On Friday, 6 July 2018 at 15:51:34 UTC, Michael wrote:
Also, yes, I am using the setter method to play around with the precision of the double values, and do some normalising.
While writing I realized that the following is even the case without the 'ref' parameter: The caller of the setter will still be able to change the content of your private data after you checked it for validity.

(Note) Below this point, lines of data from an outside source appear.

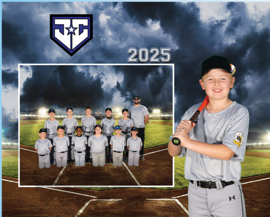
#1-Memory Mate $22.00
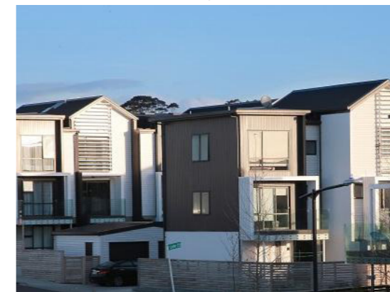
Net density: 45-55 dwellings per hectare
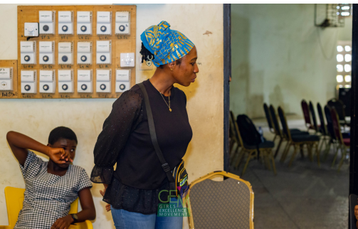
Group session on Savings
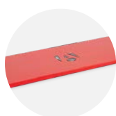
Forma-Stor Shelf FRS2
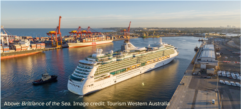
Above: Brilliance of the Sea .

Take following example:

    class A
    {
        private static string[] _disallowed = ["damn"];
        private string[int] _dict;

        // called before and after every member method call
        invariant
        {
            import std.algorithm : any, canFind;
            // don't allow _dict to contain any from _disallowed
             assert(!this._dict.byValue()
                    .any!((entry) => _disallowed.canFind(entry)));
        }

        @property dict(string[int] dict)
        {
             // checks ...
            this._dict = dict;
        }

        void check() {
            import std.stdio : writeln;
            writeln(this._dict);
        }
    }

    unittest
    {
        string[int] loc;
        auto a = new A();
        loc[1] = "hello john";
        a.dict = loc; // using the @property setter
        loc[1] = "damn";
        a.check;
    }

What might be safer is using 'opIndexAssign'

        void opIndexAssign(string value, int key)
        {
            import std.algorithm.searching : canFind;
            if (!_disallowed.canFind(value))
                this._dict[key] = value;
        }

and also duping the dictionary that is handed to the Agent

        @property dict(string[int] dict)
        {
             // checks ...
            this._dict = dict.dup;
        }

So you can call

        string[int] loc;
        auto a = new A();
        loc[1] = "hello john";
        a.dict = loc;
        a[1] = "damn";
        loc[1] = "damn";
        a.check;

without assigning bad values.



I always want it to access the setter method, but I had hoped that, given it's an associative array, that the creation of the object in create() would simply create it on the heap and I could pass back a reference. It seems that I was incorrect, as if I set create() to explicitly return a reference, it complains about returning a reference to a local variable. Any advice on the best way to pass it as a reference?